# Did you have an orgasm when you concieved?



## xsadiex

I was reading that the use of the female orgasm is to suck the sperm into the cervix....so I thought we could do a poll, did you orgasm when you conceived?


----------



## mumtobe01

I voted 'Yes'
It was not actually 'during' sex but shortly after hubby expelled his men :lol:


----------



## stucknthecity

Hehe when we were seriously trying we made sure to "pull the trigger" at the same time! Hard work but amazing results lol!!!


----------



## tink28

yes, after sex. ive heard thats the best way to do it as thats when u need the "sucking" action rather than during. worked for me!


----------



## xsadiex

Oh right, interesting stuff. What if you cannot orgasm? Is it a lot less likely you'll conceive?


----------



## tink28

i dont think its absolutely essential to conceive, im sure plenty of women dont


----------



## Weeplin

Yes :D


----------



## NewMummyx

yes, maybe that was why i was pregnant within a week :happydance:


----------



## Lawhra

I didn't. I only have twice during our whole relationship! (I struggle to, it can be very frustrating!). So that is proof enough you do not need to to conceive :D


----------



## GersPrincess

Oh yes. Literally right after hubby did!


----------



## baileykenz

i wouldnt do it unless i had orgasm lol
yes i did on all 3 and they were conceived straight away..
very intersting i must say lol


----------



## kiwimama

I'm not sure the exact time we conceived but I orgasm every time we have sex so figure I must of!


----------



## we can't wait

Nope, I didn't get the big O... but I knew during the sex that I had conceived. It just felt... different (in a good way.) But the O isn't neccessary for getting pregnant. Doesn't hurt though. :winkwink:


----------



## ChristinaRN

Have no idea since we weren't trying so I wasn't keeping track. It makes sense that orgasm would help but NO it isn't necessary (just think of all the women who have been raped but ended up pregnant......surely they didn't have an orgasm).


----------



## XJessicaX

Yup, I hadnt seen OH for weeks as he was away with work and we had the most amazing sex when he got back (had a very satisfactory orgasm!!) and I fell pregnant that night!


----------



## kiwimama

ChristinaRN said:


> Have no idea since we weren't trying so I wasn't keeping track. It makes sense that orgasm would help but NO it isn't necessary *(just think of all the women who have been raped but ended up pregnant......surely they didn't have an orgasm)*.

Surely that really wasn't necessary to point out.... 

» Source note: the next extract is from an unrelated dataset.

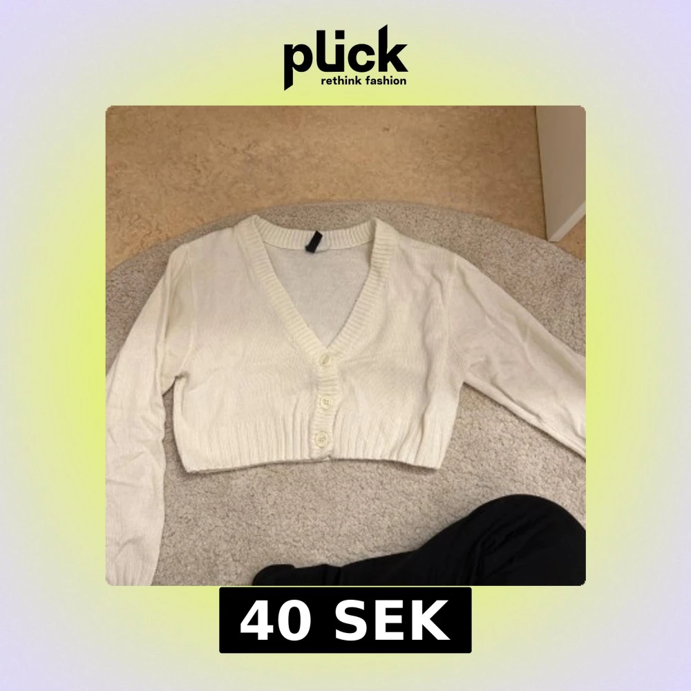 Säljer en vit kofta från Divided med v-ringning och knappar framtill. Den är croppad och har långa ärmar, perfekt för lager på lager-stil. Passar bra till både jeans och kjol. 🖤

It does help if the woman has an orgasm, the cervix kinda dips up and down into the sperm but honestly, those little things are so determined to get there, it's not going to matter whether you O or not! :lol:


----------



## Ashley2189

nope, sure didn't. it's extremely difficult for me to get anywhere CLOSE to orgasm through penetration. i've only orgasmed maybe twice in my life, and only after trying very hard to find the right spot for me. it takes a LOT of work, and doesn't feel like having sex. feels like... wiggling around trying to find my special spot lol =(


----------



## SugarBeth

Oh geez, I have no idea. We were TTC, so I know the week but not the day we conceived. And honestly, after three months of trying, during that major furtile week, some nights I just wanted mission accomplished instead!


----------



## Beaney192

Yes but shortly after xx


----------



## Jellybean0k

We've been trying for years, and I generally do , so I'll go with yes, but I'm not convinced orgasm helped with conception. I know for sure that I didn't with my first:shrug:


----------



## onedaybaby

Yes, and stuck my bum and legs in the air for about half an hour afterwards!


----------



## Ozzieshunni

Oh goodness, I honestly can't remember. Sex with DH is always pretty good and I tend to O every time :blush: We were seriously TTC for about 8 months and the ninth month I got discouraged and decided I don't want to try seriously anymore and lo and behold I got pregnant. I dunno if O'ing has anything to do with it really.....


----------



## lilangelx

me and my fiance always orgasm together he waits for me, weather tats what got me pregnant or not i dont know but it did take 3 months. the month i concieved we ONLY did doggy position every other day all month and it was the only month we did that and i concieved so that position defo did it for us... sorry if tmi!


----------



## Groovychick

I voted yes. :)


----------



## Lauryn16

Nope


----------



## allaboard

Yes, not sure if i came exactly at the same time but near as dammit. We have conceived 2 times before and i definitely didn't come either time - it's not that easy for me to during intercourse to be honest. With my first child i'm sure i did cum too if i'm right in thinking when he was conceived. It's really not that essential, if my personal stats are anything to go by anyway lol.


----------



## allaboard

Ashley2189 said:


> nope, sure didn't. it's extremely difficult for me to get anywhere CLOSE to orgasm through penetration. i've only orgasmed maybe twice in my life, and only after trying very hard to find the right spot for me. it takes a LOT of work, and doesn't feel like having sex. feels like... wiggling around trying to find my special spot lol =(

Me too - it has to be a specific speed, pressure, angle. Proper pain to be honest, always feels such a chore and i'm so envious of other who get it most times! I only orgasm during penetration when i'm helping things along lol.


----------



## mamamay

Sittin with your legs up the wall after DTD for ten mins is another thing to try! x


----------



## mamamay

onedaybaby said:


> Yes, and stuck my bum and legs in the air for about half an hour afterwards!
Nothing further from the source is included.